# Goal of the exercise:
Once the line containing "Mascarilla Orgánica formulada" is located in the records below, repeat it and all lines that follow it exactly, leaving out any picture.

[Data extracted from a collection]
▼▼▼
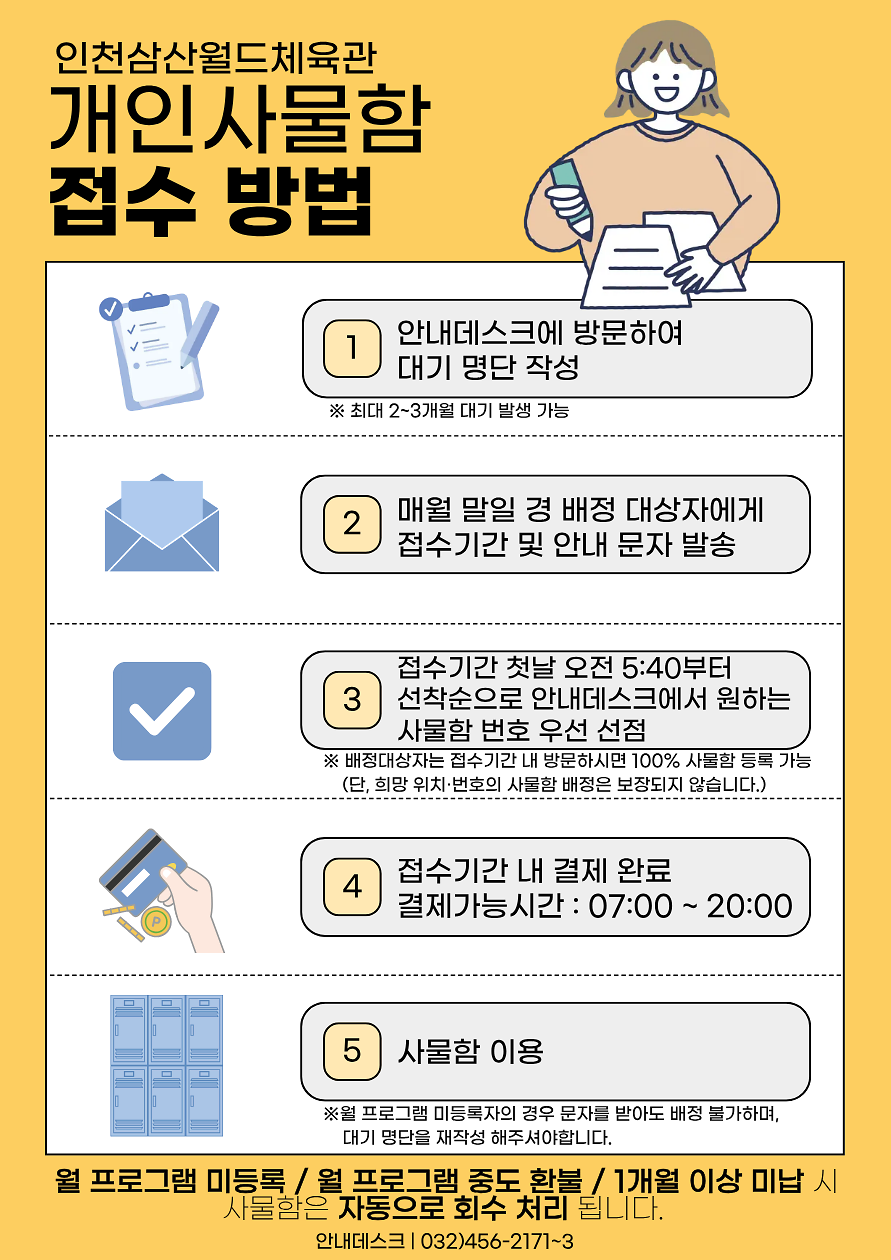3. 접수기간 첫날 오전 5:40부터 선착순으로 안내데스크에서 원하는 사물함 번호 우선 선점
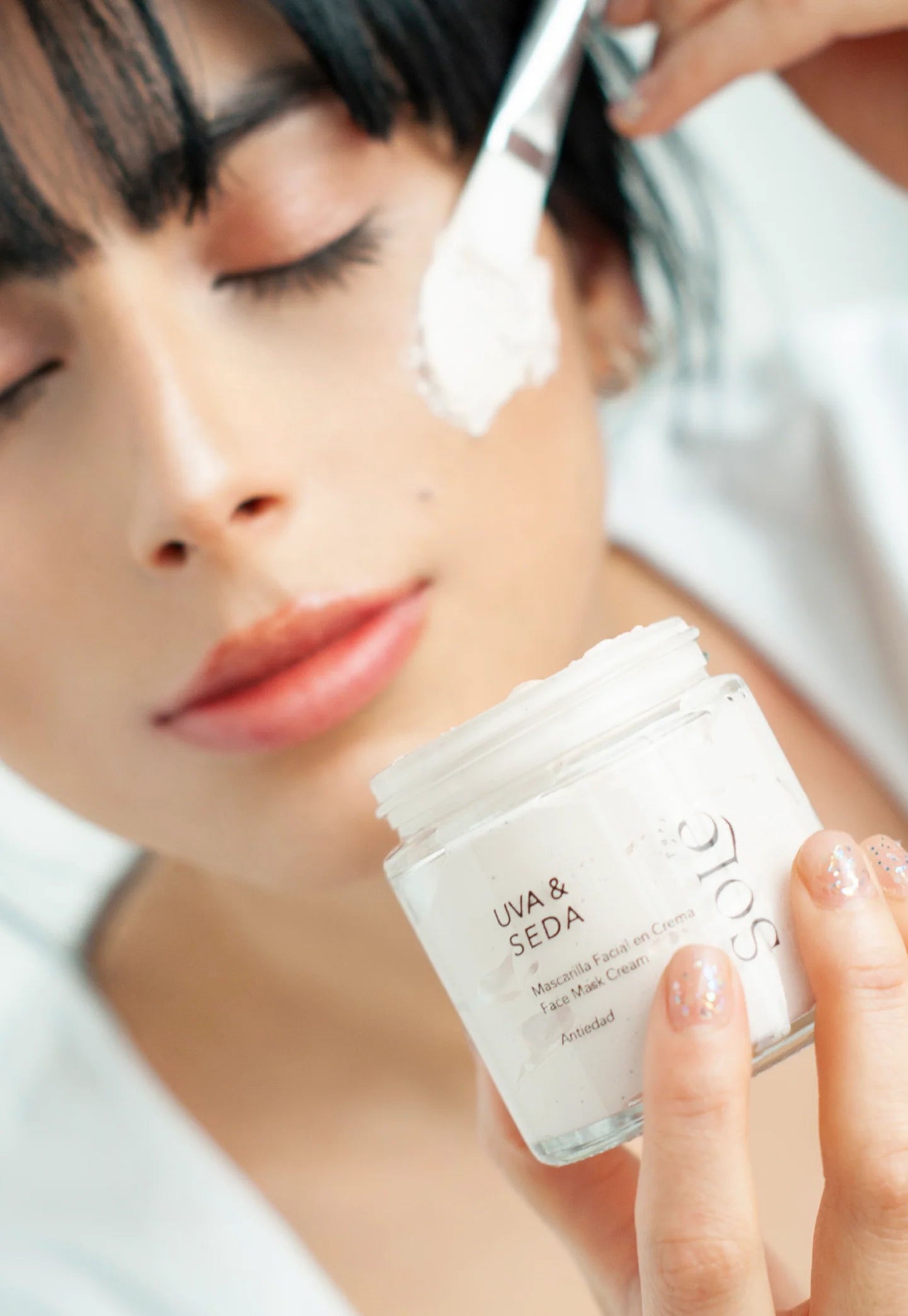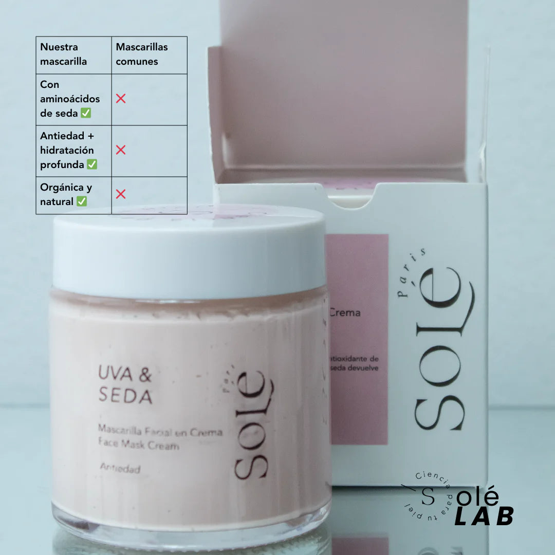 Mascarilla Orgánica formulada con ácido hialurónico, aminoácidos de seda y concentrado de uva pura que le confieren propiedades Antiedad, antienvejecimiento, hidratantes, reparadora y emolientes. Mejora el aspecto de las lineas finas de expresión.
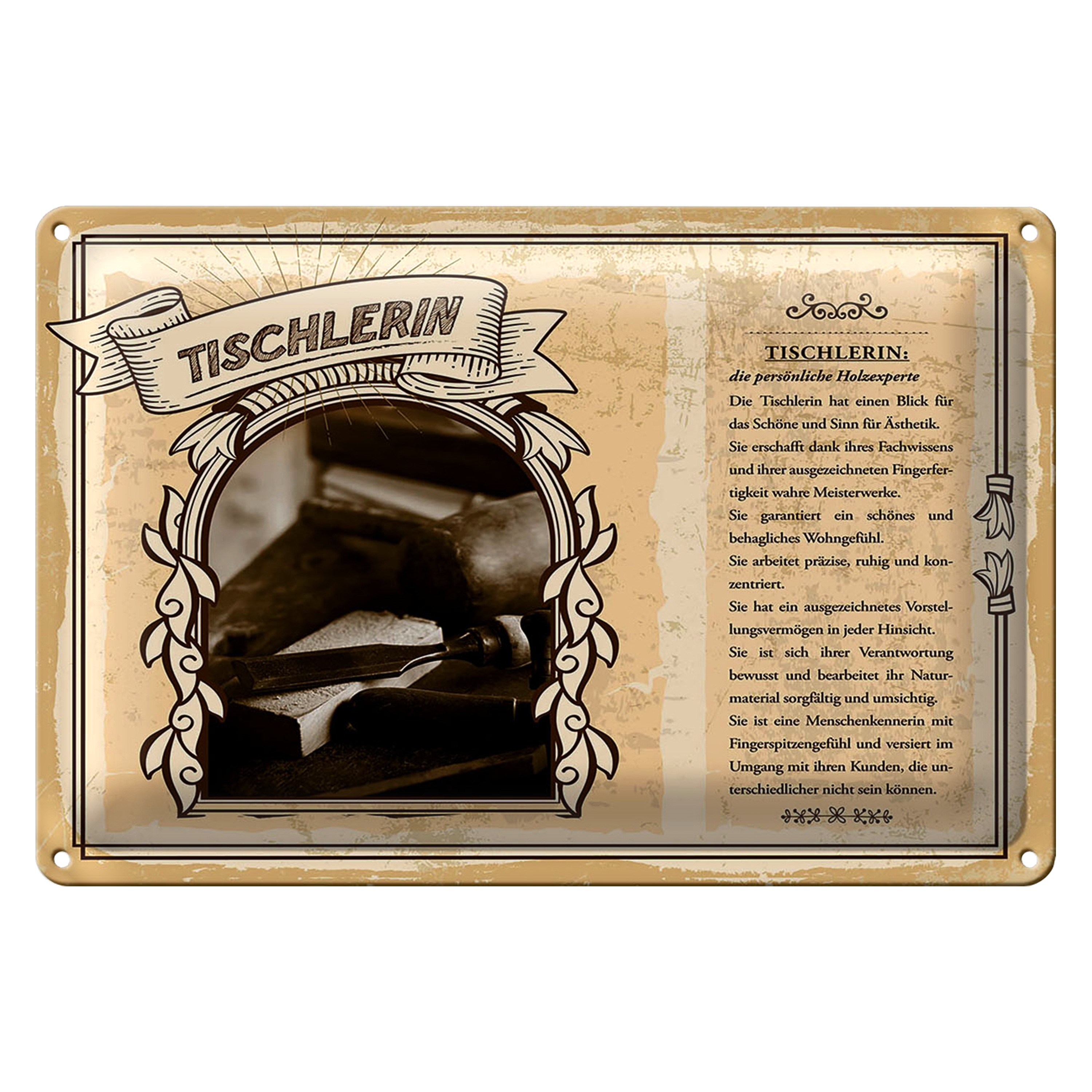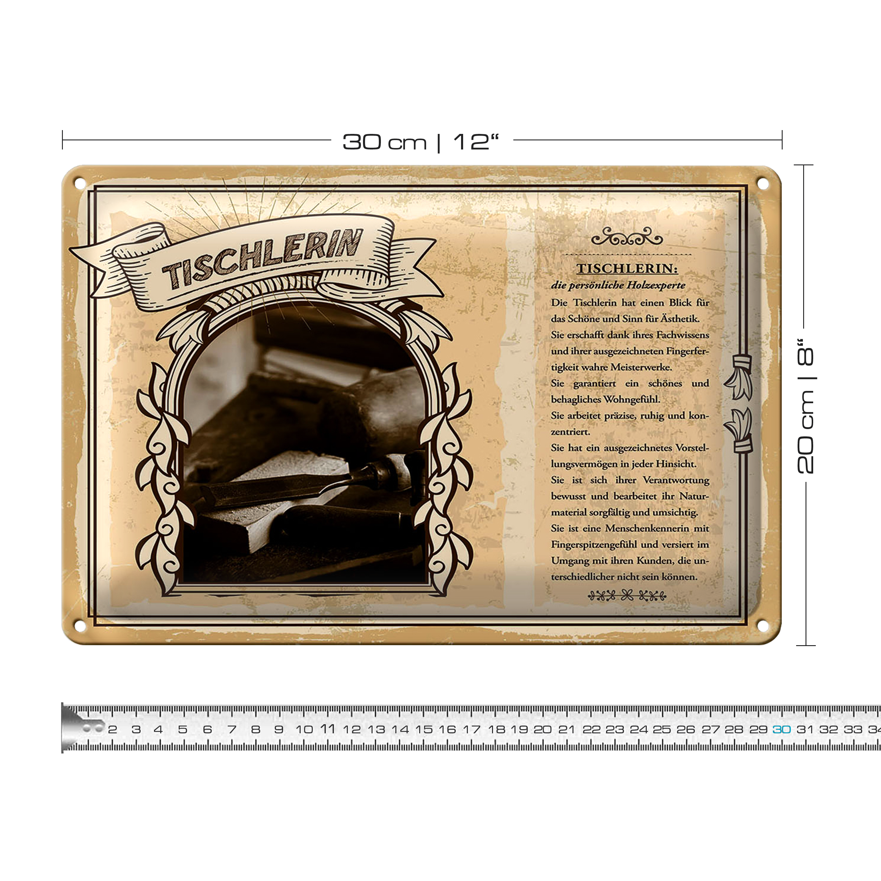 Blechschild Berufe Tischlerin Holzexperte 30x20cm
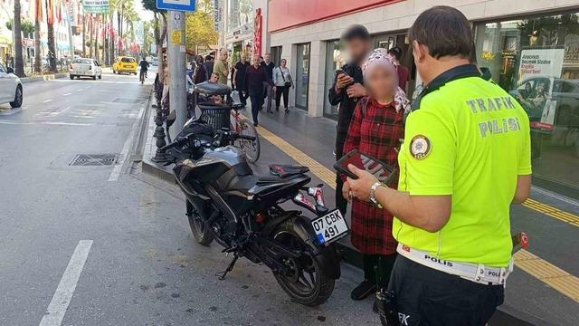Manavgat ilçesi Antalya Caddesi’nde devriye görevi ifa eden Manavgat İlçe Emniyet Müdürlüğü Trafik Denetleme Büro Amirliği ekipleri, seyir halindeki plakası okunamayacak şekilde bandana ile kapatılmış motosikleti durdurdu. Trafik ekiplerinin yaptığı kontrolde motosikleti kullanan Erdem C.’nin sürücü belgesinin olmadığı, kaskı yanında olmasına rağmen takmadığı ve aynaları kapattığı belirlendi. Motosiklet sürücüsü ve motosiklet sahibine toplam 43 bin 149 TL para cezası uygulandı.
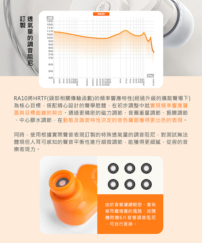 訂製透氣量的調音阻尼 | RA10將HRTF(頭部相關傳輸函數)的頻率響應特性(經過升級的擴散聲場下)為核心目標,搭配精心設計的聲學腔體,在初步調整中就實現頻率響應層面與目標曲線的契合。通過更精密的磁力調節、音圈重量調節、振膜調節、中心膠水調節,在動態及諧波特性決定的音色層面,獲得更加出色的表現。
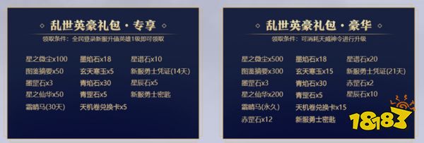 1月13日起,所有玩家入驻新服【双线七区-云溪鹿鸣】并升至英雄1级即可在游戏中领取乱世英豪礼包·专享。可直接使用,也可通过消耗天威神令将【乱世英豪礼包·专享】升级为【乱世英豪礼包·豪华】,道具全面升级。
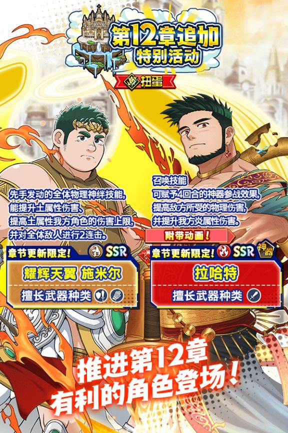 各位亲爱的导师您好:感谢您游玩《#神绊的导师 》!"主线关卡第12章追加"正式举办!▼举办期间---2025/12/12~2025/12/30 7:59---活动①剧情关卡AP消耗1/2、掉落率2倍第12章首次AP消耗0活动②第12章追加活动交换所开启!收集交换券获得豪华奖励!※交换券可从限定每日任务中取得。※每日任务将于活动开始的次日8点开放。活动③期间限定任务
▲▲▲
# Expected answer:
 Mascarilla Orgánica formulada con ácido hialurónico, aminoácidos de seda y concentrado de uva pura que le confieren propiedades Antiedad, antienvejecimiento, hidratantes, reparadora y emolientes. Mejora el aspecto de las lineas finas de expresión.
 Blechschild Berufe Tischlerin Holzexperte 30x20cm
Manavgat ilçesi Antalya Caddesi’nde devriye görevi ifa eden Manavgat İlçe Emniyet Müdürlüğü Trafik Denetleme Büro Amirliği ekipleri, seyir halindeki plakası okunamayacak şekilde bandana ile kapatılmış motosikleti durdurdu. Trafik ekiplerinin yaptığı kontrolde motosikleti kullanan Erdem C.’nin sürücü belgesinin olmadığı, kaskı yanında olmasına rağmen takmadığı ve aynaları kapattığı belirlendi. Motosiklet sürücüsü ve motosiklet sahibine toplam 43 bin 149 TL para cezası uygulandı.
 訂製透氣量的調音阻尼 | RA10將HRTF(頭部相關傳輸函數)的頻率響應特性(經過升級的擴散聲場下)為核心目標,搭配精心設計的聲學腔體,在初步調整中就實現頻率響應層面與目標曲線的契合。通過更精密的磁力調節、音圈重量調節、振膜調節、中心膠水調節,在動態及諧波特性決定的音色層面,獲得更加出色的表現。
 1月13日起,所有玩家入驻新服【双线七区-云溪鹿鸣】并升至英雄1级即可在游戏中领取乱世英豪礼包·专享。可直接使用,也可通过消耗天威神令将【乱世英豪礼包·专享】升级为【乱世英豪礼包·豪华】,道具全面升级。
 各位亲爱的导师您好:感谢您游玩《#神绊的导师 》!"主线关卡第12章追加"正式举办!▼举办期间---2025/12/12~2025/12/30 7:59---活动①剧情关卡AP消耗1/2、掉落率2倍第12章首次AP消耗0活动②第12章追加活动交换所开启!收集交换券获得豪华奖励!※交换券可从限定每日任务中取得。※每日任务将于活动开始的次日8点开放。活动③期间限定任务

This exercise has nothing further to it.